1

I got a insertion sort algorithm below, it includes the nested for loop:

public InsertionSort( AnyType [] a ){
    int m; 
    for( int n = 1; n < a.length; n++ ){
        AnyType temp = a[n];
        for( m = n; m > 0 && tmp.compareTo( a[ m - 1] ) <= 0; m-- )
            a[ m ] = a[ m - 1 ];
        a[ m ] = temp;  
    } 
}

The first loop has running time O(N) and the second is O(N^2), so the total running time in nested loop should be O(N*N^2=N^3), am I right? But I know the fact that worst case should be O(N^2) in insertion sort, however my teacher changed this segment of code that book provides a little bit by replacing a[ m - 1] ) <= 0, instead of using a[ m - 1] ) < 0. So I'm confused that how come I calculate a case worse than the worst case. Anyone helps? Thanks in advance.

John Kugelman
  • 349,597
  • 67
  • 533
  • 578
Student
  • 45
  • 1
  • 2
    The second loop also looks `O(N)` to me, which would give the expected `O(N^2)` overall performance for insertion sort. – Tim Biegeleisen Nov 11 '16 at 01:58
  • But if I try sort a array which has all same elements, the number of comparisons and swaps are all 1+2+3+...n-1 times till the sort ended, so I get n(n-1)/2 = O(n^2) – Student Nov 11 '16 at 02:13
  • And this is not the traditional code for insertion sort, my teacher changed a little by replacing a[ m - 1] ) <= 0, instead of using a[ m - 1] ) < 0. – Student Nov 11 '16 at 02:17
  • The fact the _condition_ of the inner loop is different has no effect on the upper bound, which is at most covering each element in the array, hence making it `O(N)`. – Tim Biegeleisen Nov 11 '16 at 02:51

3 Answers3

1

the second is O(N^2)

That is wrong. See how.

Considering a.length = N, TC should be O(N^2).

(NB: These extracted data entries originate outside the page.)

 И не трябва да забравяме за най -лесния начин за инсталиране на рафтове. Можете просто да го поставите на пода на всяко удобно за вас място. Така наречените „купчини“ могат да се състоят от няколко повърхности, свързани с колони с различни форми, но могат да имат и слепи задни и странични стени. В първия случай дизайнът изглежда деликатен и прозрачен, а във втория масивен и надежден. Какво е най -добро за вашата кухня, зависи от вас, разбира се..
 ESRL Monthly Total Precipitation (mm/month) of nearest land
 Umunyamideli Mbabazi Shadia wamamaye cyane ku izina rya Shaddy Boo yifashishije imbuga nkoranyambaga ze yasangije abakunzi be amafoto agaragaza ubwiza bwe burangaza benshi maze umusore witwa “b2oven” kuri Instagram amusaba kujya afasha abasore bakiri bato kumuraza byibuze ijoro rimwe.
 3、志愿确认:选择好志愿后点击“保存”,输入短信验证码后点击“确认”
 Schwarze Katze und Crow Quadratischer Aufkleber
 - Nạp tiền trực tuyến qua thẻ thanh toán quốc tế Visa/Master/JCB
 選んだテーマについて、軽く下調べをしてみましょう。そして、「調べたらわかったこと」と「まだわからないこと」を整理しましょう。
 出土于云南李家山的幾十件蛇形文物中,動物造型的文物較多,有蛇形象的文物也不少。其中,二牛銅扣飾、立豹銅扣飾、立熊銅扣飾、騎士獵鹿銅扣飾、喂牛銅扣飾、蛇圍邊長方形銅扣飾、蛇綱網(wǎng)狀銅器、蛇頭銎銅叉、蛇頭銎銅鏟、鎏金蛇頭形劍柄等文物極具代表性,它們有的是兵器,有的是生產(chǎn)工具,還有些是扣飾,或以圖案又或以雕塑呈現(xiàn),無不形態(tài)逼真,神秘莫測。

Because (1 + 2 + 3 + ... + N-1) = N(N-1)/2 = O(N^2)

Inner loop runs 1 time more than previous time.

[1, 1]
[2, 1]
[3, 1]
...
[N-1, 1]
Saurav Sahu
  • 13,038
  • 6
  • 64
  • 79
0

for( int n = 1; n < a.length; n++ ){

In this above line, you are going through the array n - 1 times (since you are starting at index 1 all the way to a.length -1), thus O(N)

for( m = n; m > 0 && tmp.compareTo( a[ m - 1] ) <= 0; m-- )

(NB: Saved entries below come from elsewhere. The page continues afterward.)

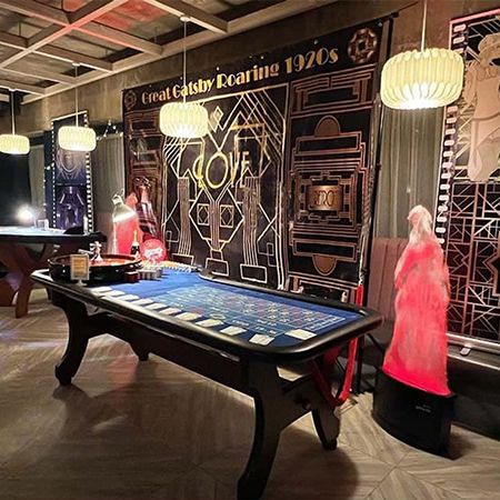 Fondos temáticos como Casino Royale, El Gran Gatsby y Peaky Blinders crean un entorno elegante e inmersivo adaptado al ambiente de tu evento.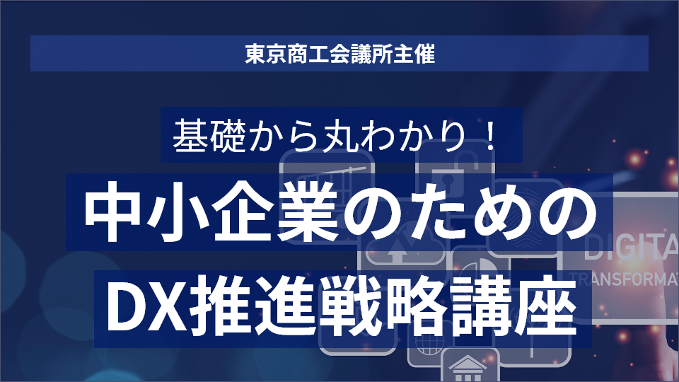 この度、東京都助成金を活用し、中小企業のDX推進を積極的にサポートしている支援機構である東商に、「DX人材育成のためのスキルアップ講座」の導入編として「基礎から丸わかり!中小企業のためのDX推進戦略講座」コンテンツを、無償で提供いたします。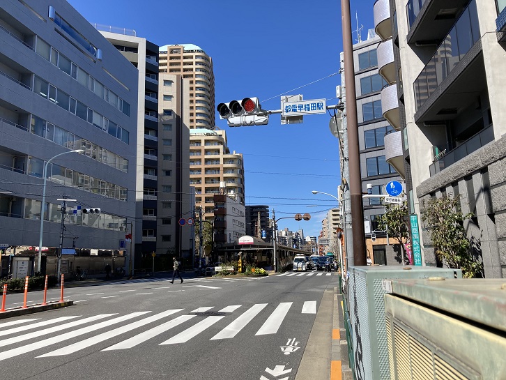 早稲田電停は三ノ輪橋電停のように、乗車と降車で線路が分かれていないので、ホームがやけに長くなっています。1本の線路の両側にホームがあり、それぞれ乗車専用と降車専用になっています。ラッシュ時には乗り降りの操作で運転手さんも忙しいでしょうね。早稲田電停は新目白通り上にあります。新目白通りは目白通りのバイパスとして計画され、昭和五十九年に全区間が開通した比較的新しい道路です。ただ、早稲田電停から江戸川橋電停までは、大正七年(1918年)に東京市電が開業していました。それまで徒歩通学しか手段のなかった早大生には大きな恵みになったそうです。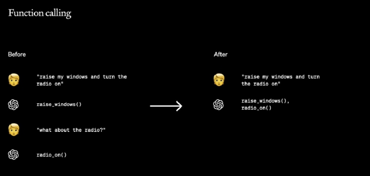 今天,GPT-4 Turbo 在这方面做了几项改进,例如在一条消息中能够呼叫多个函数。 用户可以在发送一条消息时请求多个操作,如「打开车窗并关闭空调」。 此外函数呼叫的准确性也得到提升,GPT-4 Turbo 更有可能返回正确的函数参数。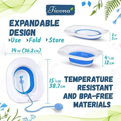 Fivona Sitz Bath for Toilet Seat with Massage Hand Flusher and Storage Bag; Postpartum Care and Hemorrhoid Treatment; BPA Free V Steam Kit; Perfect for Perineal Soak and Portable Bidet

In this inner loop, you are starting at n and then moving downwards, so in the WORST case, you will be going from the current value n all the way down to 1, thus performing up to n comparisons.

Therefore, we can see the following in the WORST case:

  • First iteration: you are going from 1 to 1
  • Second iteration: you are going from 2 to 1
  • Third iteration: you are going from 3 to 1
  • ...
  • N-1th iteration: you are going from N -1 to 1

Therefore, you are performing 1 + 2 + 3 + 4 + ... N - 1 operations in total which equals to:

(N)(N-1)/2 = O(N^2)

cullan
  • 280
  • 3
  • 13
0

Let's make that code simpler like below.

public InsertionSort( AnyType [] a ){
    // A value n
    for( ; n < length ; ){
        // A value m
        for( ; m < someLength ; ) {
            // do something.
        }
    } 
}

As you said, 'someLength' can be 1 from n-1.

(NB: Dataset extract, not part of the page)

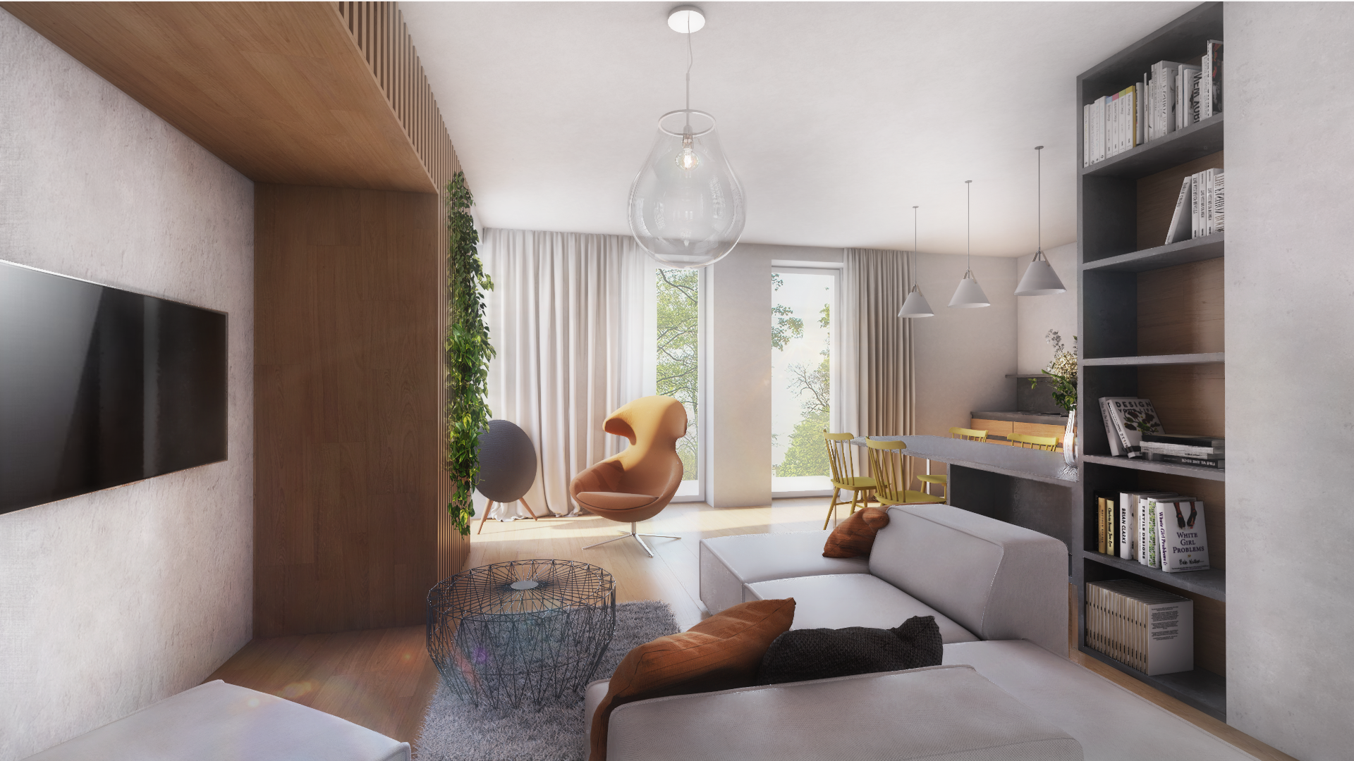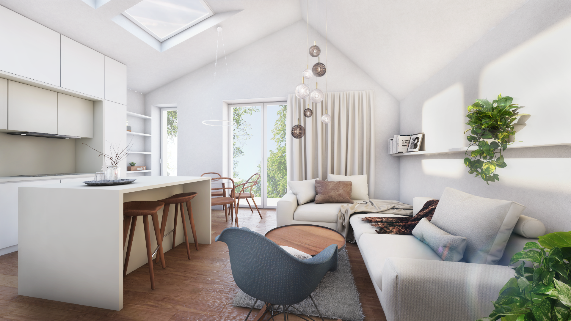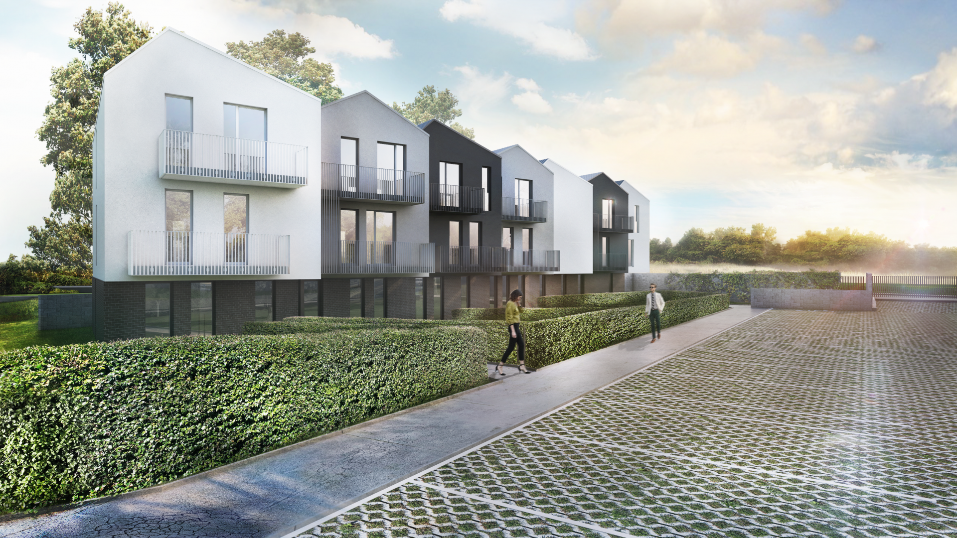 Domečky jsou řešeny v rámci své hmoty monochromaticky – barva fasády, rámů okenních výplní, klempířských i zámečnických prvků včetně zábradlí balkonů jsou sladěny do jednoho odstínu. Jen okenní rámy v podnoži jsou černé.

But Let's see that code in the inner loop aspect.

    blahblah
        for( ; m < someLength ; ) {
            // do something.
        }
    blahblah

It runs only someLength - m ( or none if it's under 0 ) times

, which is linear

, which is represented as N( for O(N) ).

One more thing.

1+2+3+4+...+n-1 can't be occured without outer loop, can it?

Then why do you count them for the inner loop's complexity?

Al.T.Os
  • 72
  • 9